**Task directions:**
Leave the pictures out and quote only the lines from the one with "A method to" down to the end of the listing below.

**Dataset extract:**
============================================================
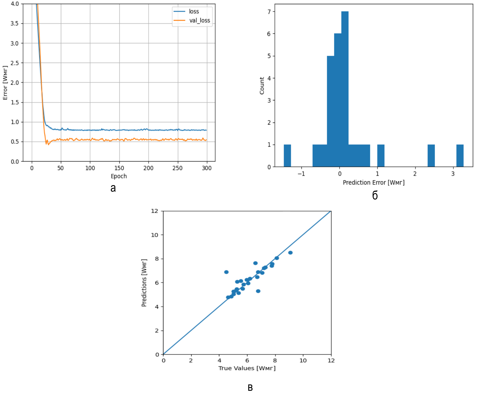Валидационная кривая, позволяющая проверять работоспособность модели в графическом виде, задает контроль функции потерь (loss). Для минимизации ошибки прогнозирования почвенно-гидрологических параметров была использована функция потерь (рис. 3а), которая позволила увидеть, что после 25 эпох получаем для параметра Wмг значения, близкие к тестовым данным. На рисунке 3б наблюдается количество весов, инициализированных с использованием распределения с нулевым центром, которые лежат в диапазоне значений от -0,8 до 0,8. На рисунке 3в видно, что большинство значений центрируются вокруг значения ноль, становясь больше или меньше примерно с равной вероятностью. Модель предсказывает достаточно хорошо прогнозируемый параметр.
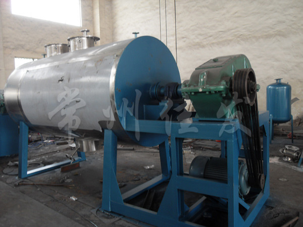 本機是一種新型臥式間歇式真空干燥設(shè)備,濕物料經(jīng)傳導(dǎo)蒸發(fā),帶有刮板攪拌器不斷清除熱面上的物料,并在容器內(nèi)推移形成循環(huán)流,水份蒸發(fā)后由真空泵抽出。
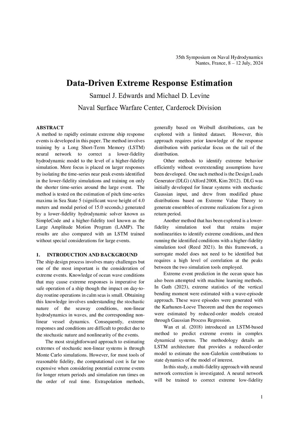 A method to rapidly estimate extreme ship response events is developed in this paper. The method involves training by a Long Short-Term Memory (LSTM) neural network to correct a lower-fidelity hydrodynamic model to the level of a higher-fidelity simulation. More focus is placed on larger responses by isolating the time-series near peak events identified in the lower-fidelity simulations and training on only the shorter time-series around the large event. The method is tested on the estimation of pitch time-series maxima in Sea State 5 (significant wave height of 4.0 meters and modal period of 15.0 seconds,) generated by a lower-fidelity hydrodynamic solver known as SimpleCode and a higher-fidelity tool known as the Large Amplitude Motion Program (LAMP). The results are also compared with an LSTM trained without special considerations for large events.
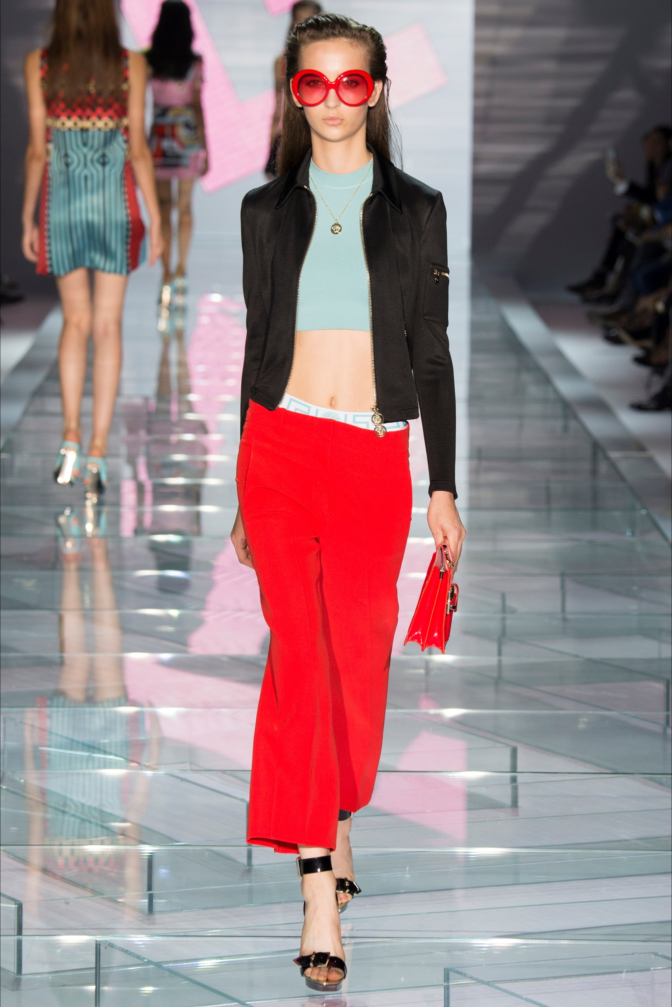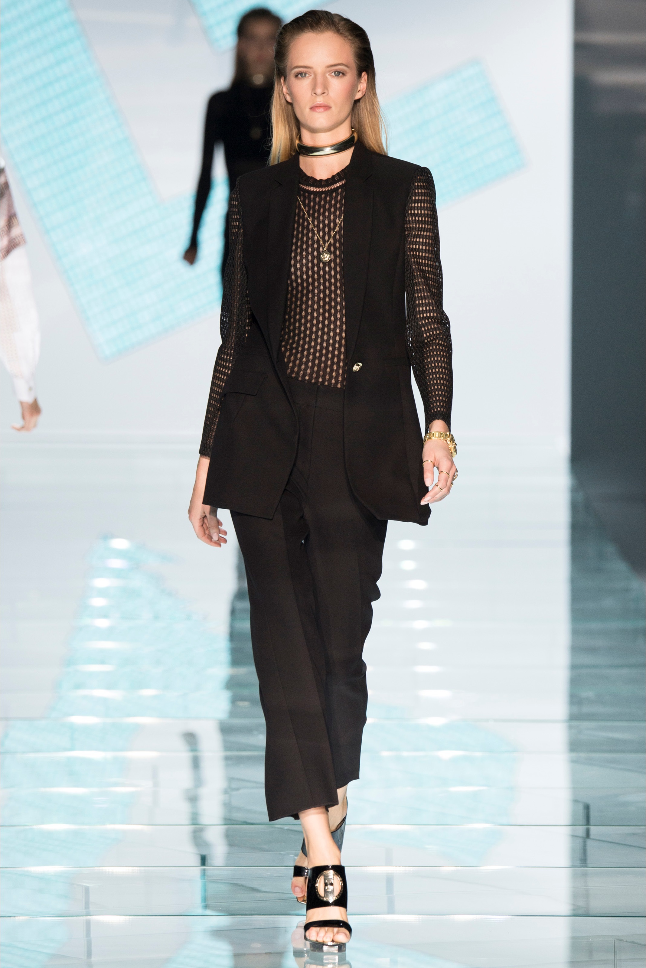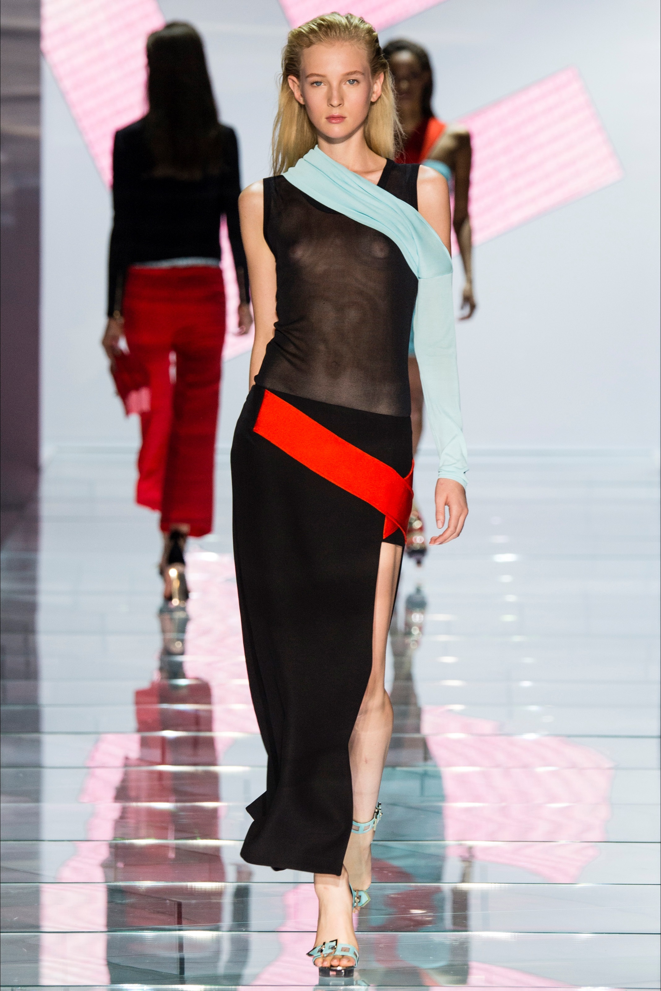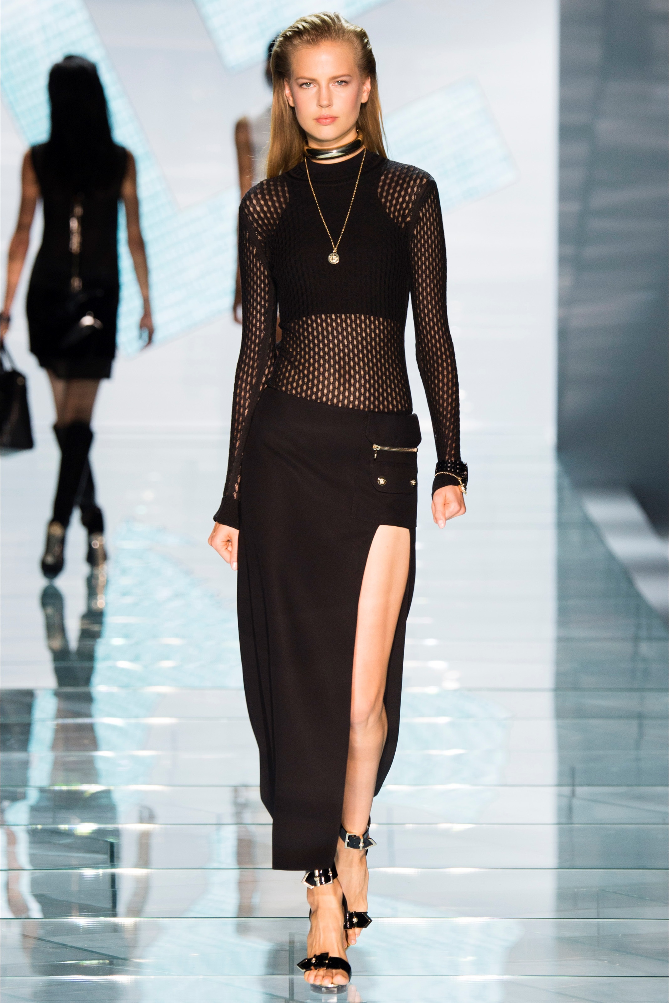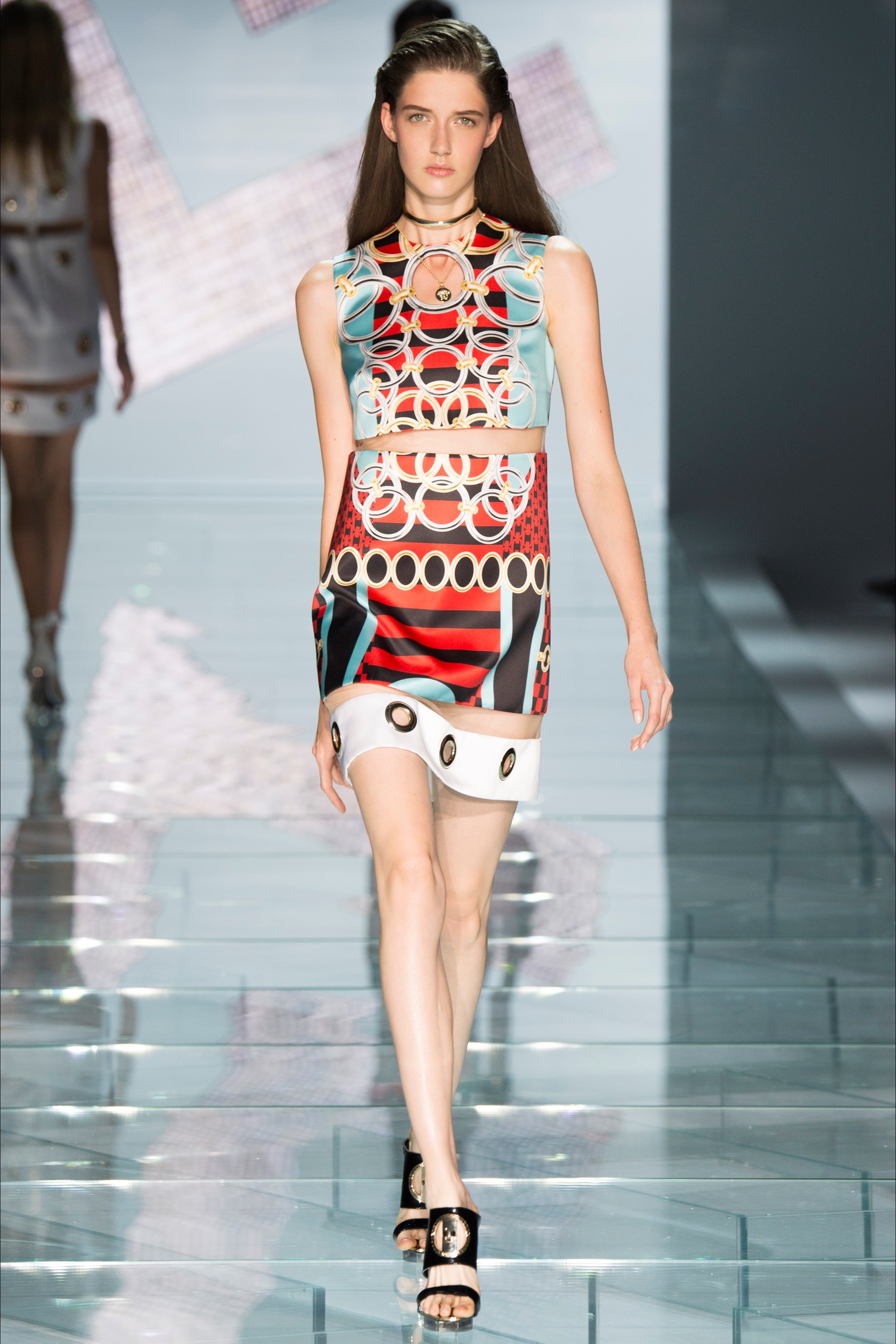 Предлагаю проследить как постепенно развивается шоу форм и цвета в новой коллекции весна/лето 2015 от модного дома Versace на показе во время Недели моды в Милане. Показ открывается черный пиджак на одной пуговице со множеством декоративны строчек, которые подчеркивают линейный силуэт одежды; укороченный топ и юбка с глубоким боковым разрезом.
============================================================
**Result:**
 A method to rapidly estimate extreme ship response events is developed in this paper. The method involves training by a Long Short-Term Memory (LSTM) neural network to correct a lower-fidelity hydrodynamic model to the level of a higher-fidelity simulation. More focus is placed on larger responses by isolating the time-series near peak events identified in the lower-fidelity simulations and training on only the shorter time-series around the large event. The method is tested on the estimation of pitch time-series maxima in Sea State 5 (significant wave height of 4.0 meters and modal period of 15.0 seconds,) generated by a lower-fidelity hydrodynamic solver known as SimpleCode and a higher-fidelity tool known as the Large Amplitude Motion Program (LAMP). The results are also compared with an LSTM trained without special considerations for large events.
 Предлагаю проследить как постепенно развивается шоу форм и цвета в новой коллекции весна/лето 2015 от модного дома Versace на показе во время Недели моды в Милане. Показ открывается черный пиджак на одной пуговице со множеством декоративны строчек, которые подчеркивают линейный силуэт одежды; укороченный топ и юбка с глубоким боковым разрезом.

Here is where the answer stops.